My beloved parents are in town visiting at the moment and we had a very nice weekend seeing movies and drinking cocktails and pretending that the dog could talk and other such highbrow activities thankyou for asking.
Yesterday in a moment of downtime we watched a gripping documentary about the Boxing Day tsunami and the following conversation ensued:
Mum: Did you know there was this little girl holidaying in Thailand who saw the waters recede and instantly said to her mother 'Mum, we have to run, there's a tsunami'?
Me: No.
Mum: She'd just been studying tsunamis in school. So it was this incredible coincidence.
Me: Did her mum believe her?
Mum: Oh yes, no questions asked. She simply gathered everyone and started running. Not one point did she scoff and dismiss it as nonsense.
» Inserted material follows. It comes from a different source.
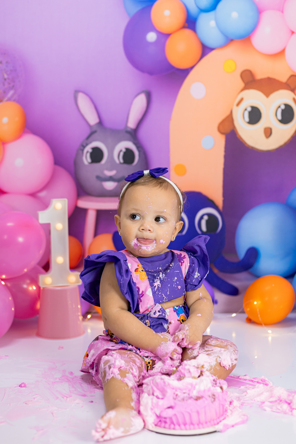 Com muita alegria, a pequena Alice comemorou seu 1º aninho em um ensaio cheio de diversão! Teve muita bagunça, bolo por toda parte e um banho delicioso para fechar com chave de ouro. Cada clique registrou a doçura e a energia desse momento tão especial.

Me: Like you would have done if it was me.
Mum: That's right. If it was you I would have told you to stop being stupid and pass me the sunscreen.
Me: ...So what you're saying is that if it was me, we'd all be dead.
Mum: I suppose so, yes.
Me: Nice.
Dad: You probably wouldn't have listened properly in school to absorb the information anyway.
Me: Thanks a lot.
Mum: Right. You would have been thinking about what you were going to eat next.
Dad: Or which boy you had a crush on.
Me: No, I get it. I've killed us all due to my short attention span and basic shallow nature. Cheers.
Mum: Oh, come on. You know we're simply telling it like it is.
Comments
Lazy bloody parents.
Would they have laughed or cringed?
Do you pretend the dog can only talk after family cocktails? I like the family contribution, I can imagine what you were pretending Bob was saying, and the voice you all thought she had
On the other hand, if the tsunami had've been a dinosaur stampede, man, I'd have that shit so sorted. There'd be Swedish tourists up coconut palms as far as the eye could see.
Wait, it took you this long?
The whole concept of being on a tropical island holiday with just my folks is beyond me, I'm afraid.
But that comment, oh yeah. Might I also add, if the dinosaurs had been travelling in pyramids, 8-year-old me would have been well able to assist Marmalade. I would have had that sitch scoped, man.